-- TASK INPUT --
================
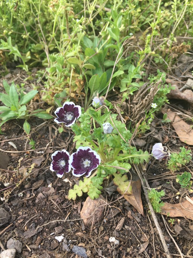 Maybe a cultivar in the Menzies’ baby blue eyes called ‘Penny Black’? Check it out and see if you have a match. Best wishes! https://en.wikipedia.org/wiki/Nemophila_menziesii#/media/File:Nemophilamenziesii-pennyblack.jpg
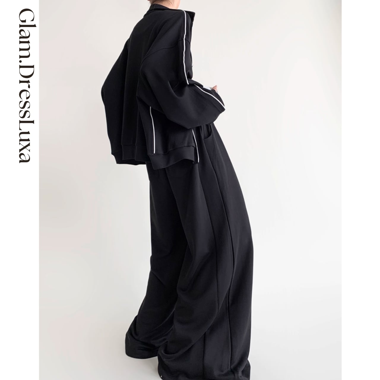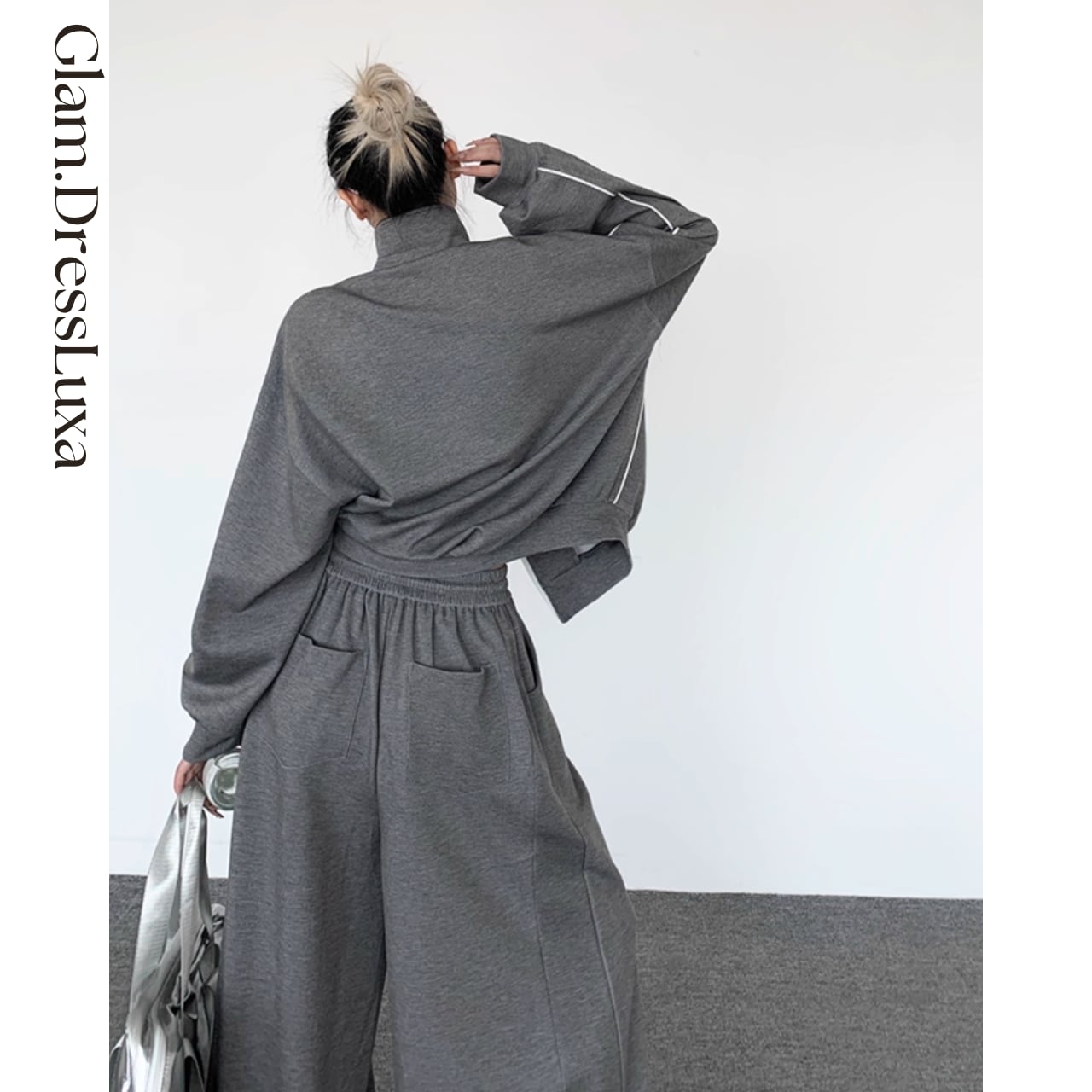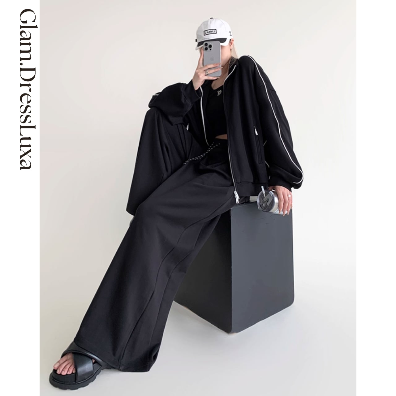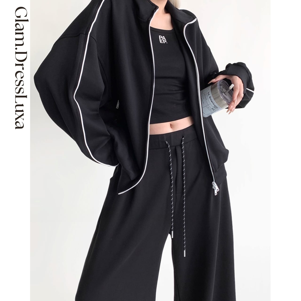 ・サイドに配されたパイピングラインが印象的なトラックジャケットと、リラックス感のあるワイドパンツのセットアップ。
================
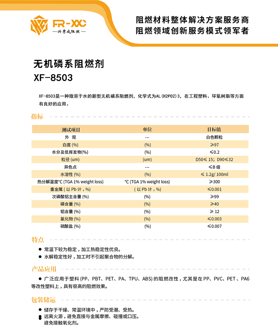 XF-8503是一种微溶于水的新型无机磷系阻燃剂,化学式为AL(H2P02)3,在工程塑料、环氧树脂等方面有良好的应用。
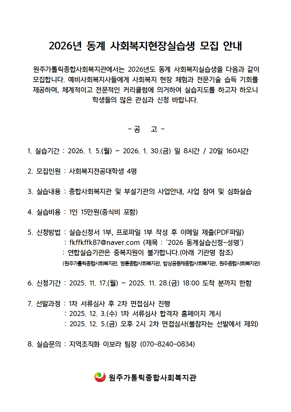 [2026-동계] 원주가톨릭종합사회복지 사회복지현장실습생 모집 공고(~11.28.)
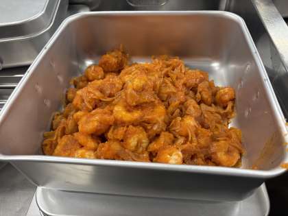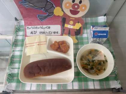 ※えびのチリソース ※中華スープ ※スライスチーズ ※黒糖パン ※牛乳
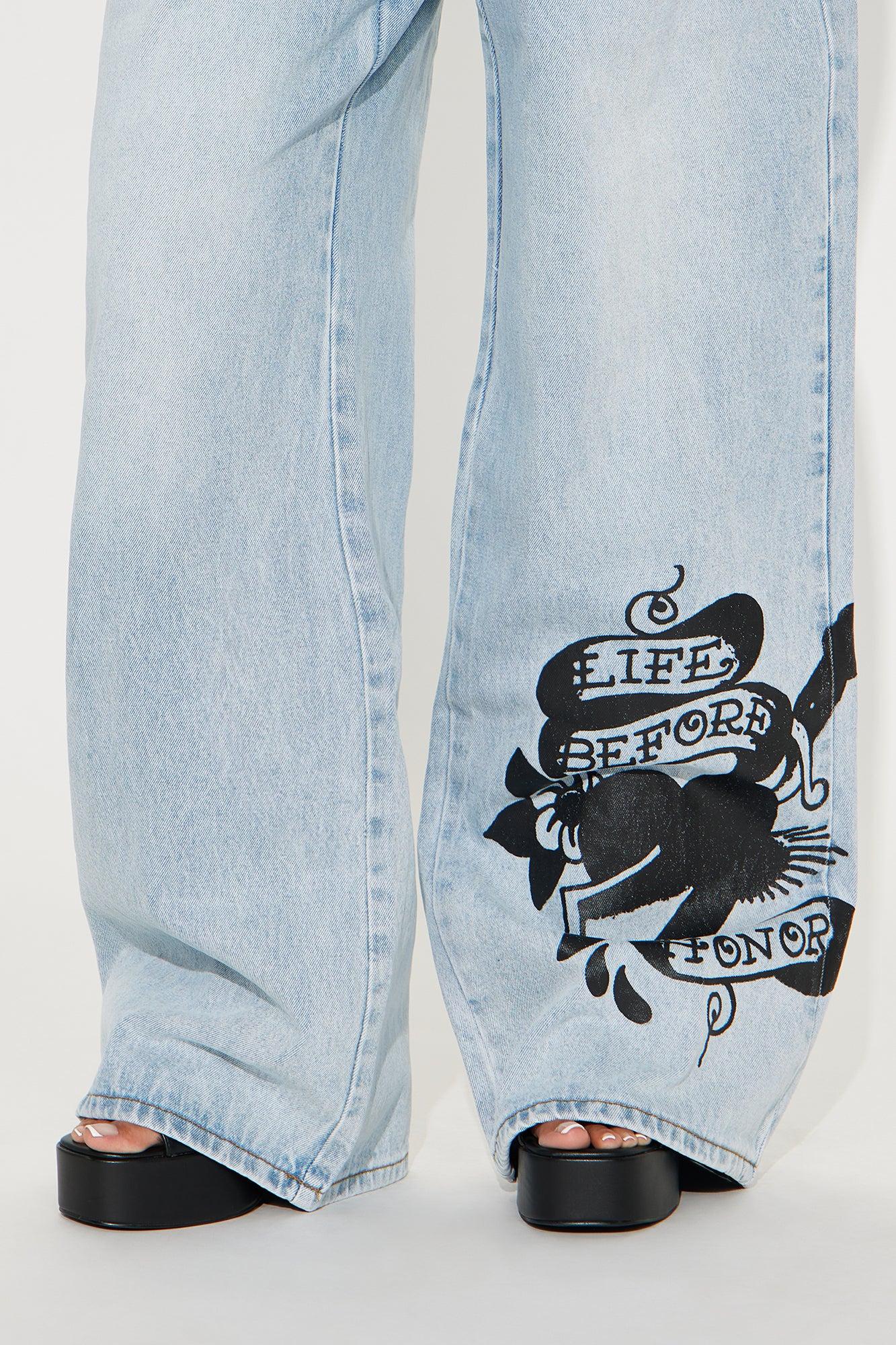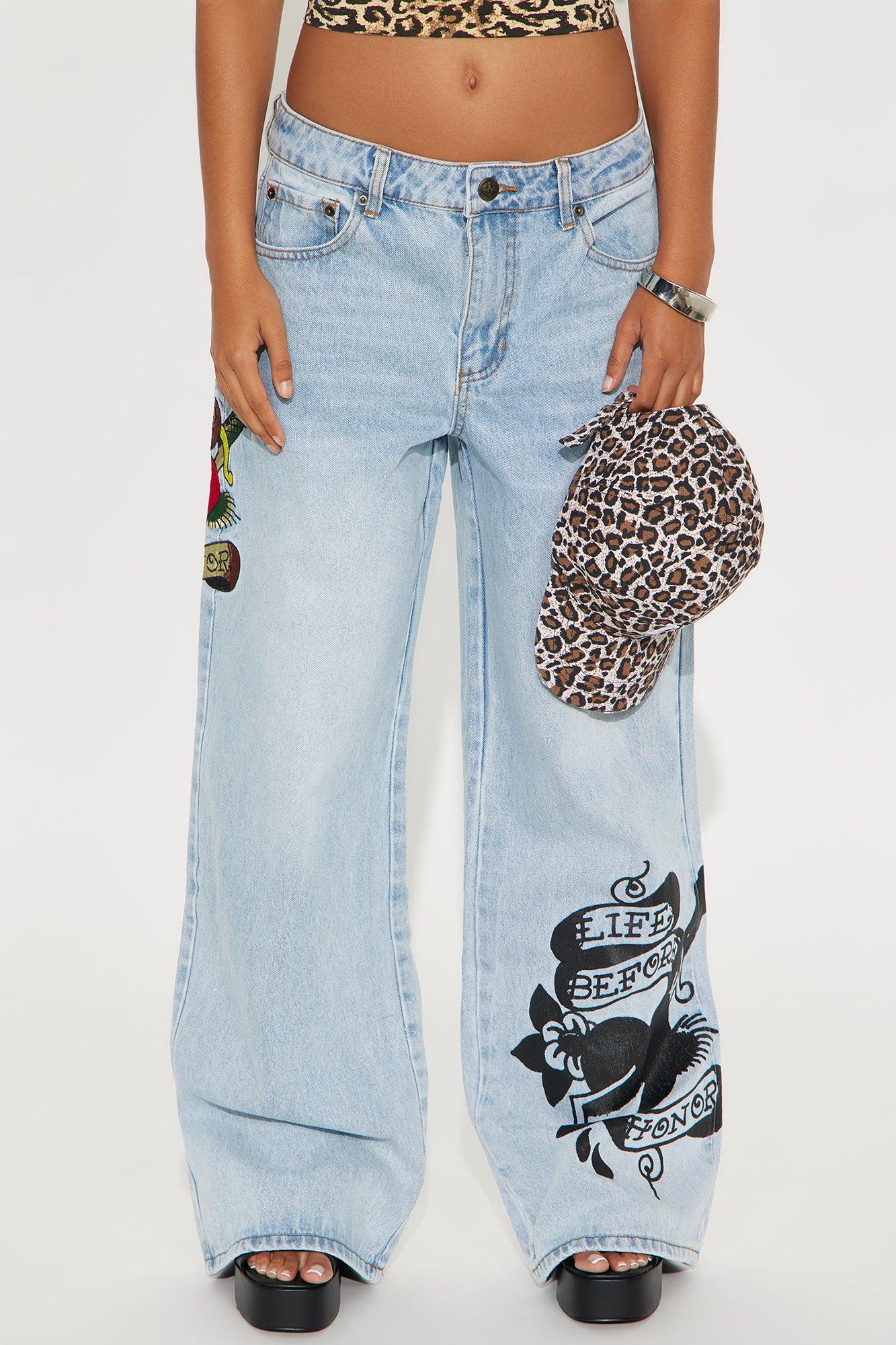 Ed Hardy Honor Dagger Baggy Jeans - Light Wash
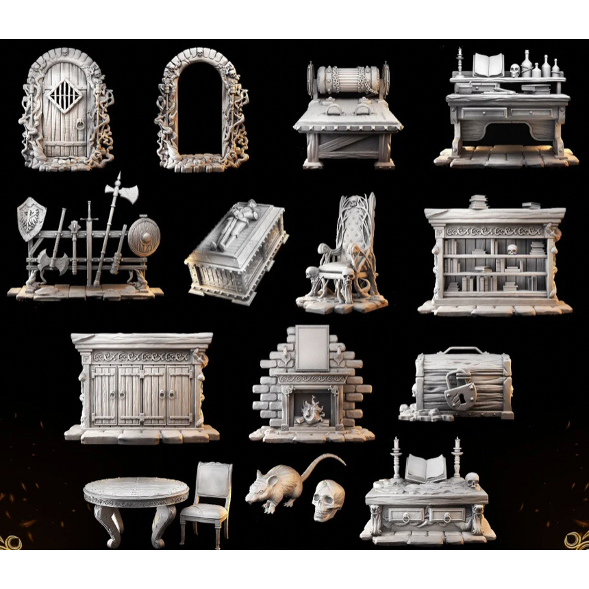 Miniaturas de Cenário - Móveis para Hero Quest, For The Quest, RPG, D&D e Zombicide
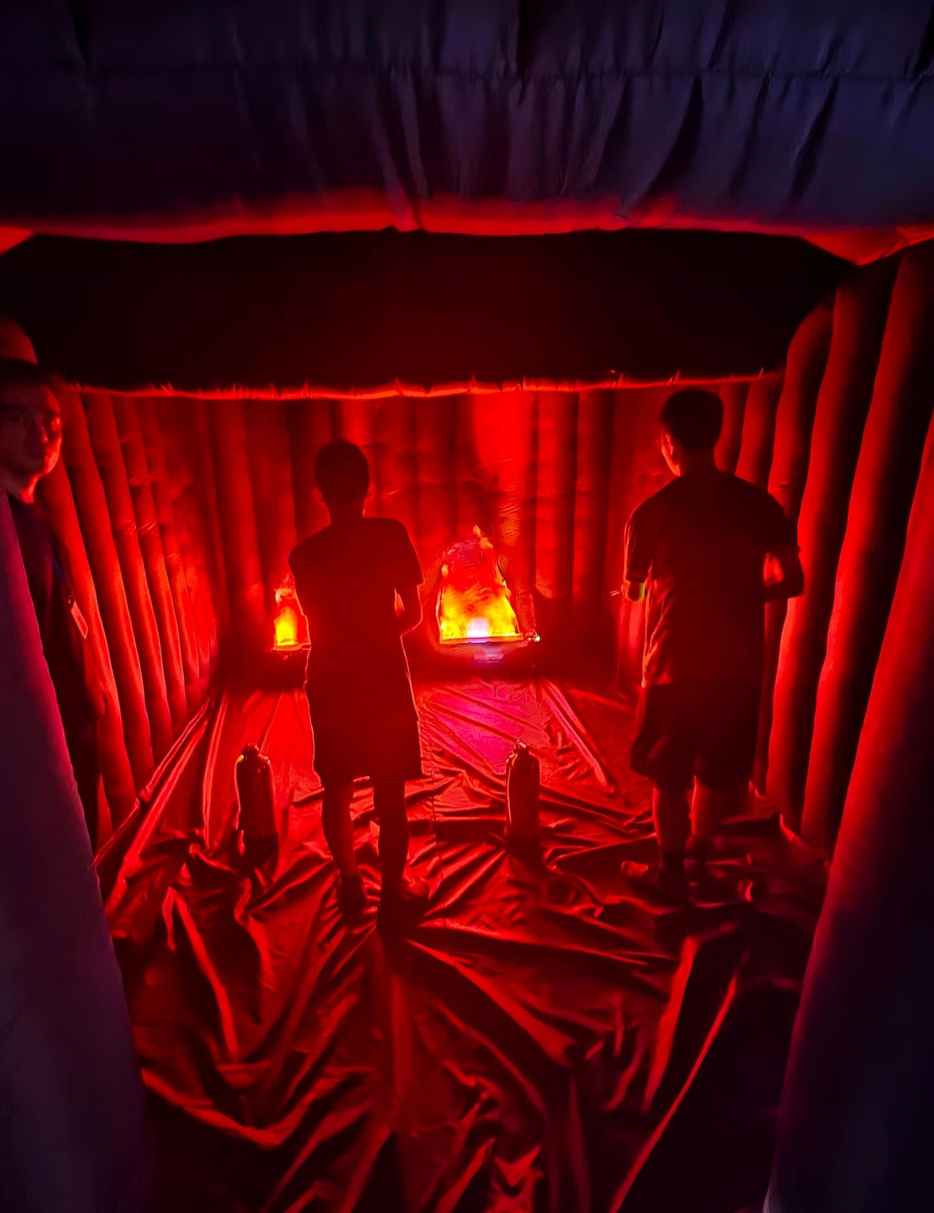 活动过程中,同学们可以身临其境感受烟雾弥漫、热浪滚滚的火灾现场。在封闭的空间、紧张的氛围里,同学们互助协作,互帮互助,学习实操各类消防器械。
================
-- PROMPT --
Although the records above contain pictures, the copy must not; set down exactly the lines from the one with "Miniaturas de Cenário" up to and including the one with "活动过程中,同学们可以身临其".

-- FINISHED TASK --
 Miniaturas de Cenário - Móveis para Hero Quest, For The Quest, RPG, D&D e Zombicide
 活动过程中,同学们可以身临其境感受烟雾弥漫、热浪滚滚的火灾现场。在封闭的空间、紧张的氛围里,同学们互助协作,互帮互助,学习实操各类消防器械。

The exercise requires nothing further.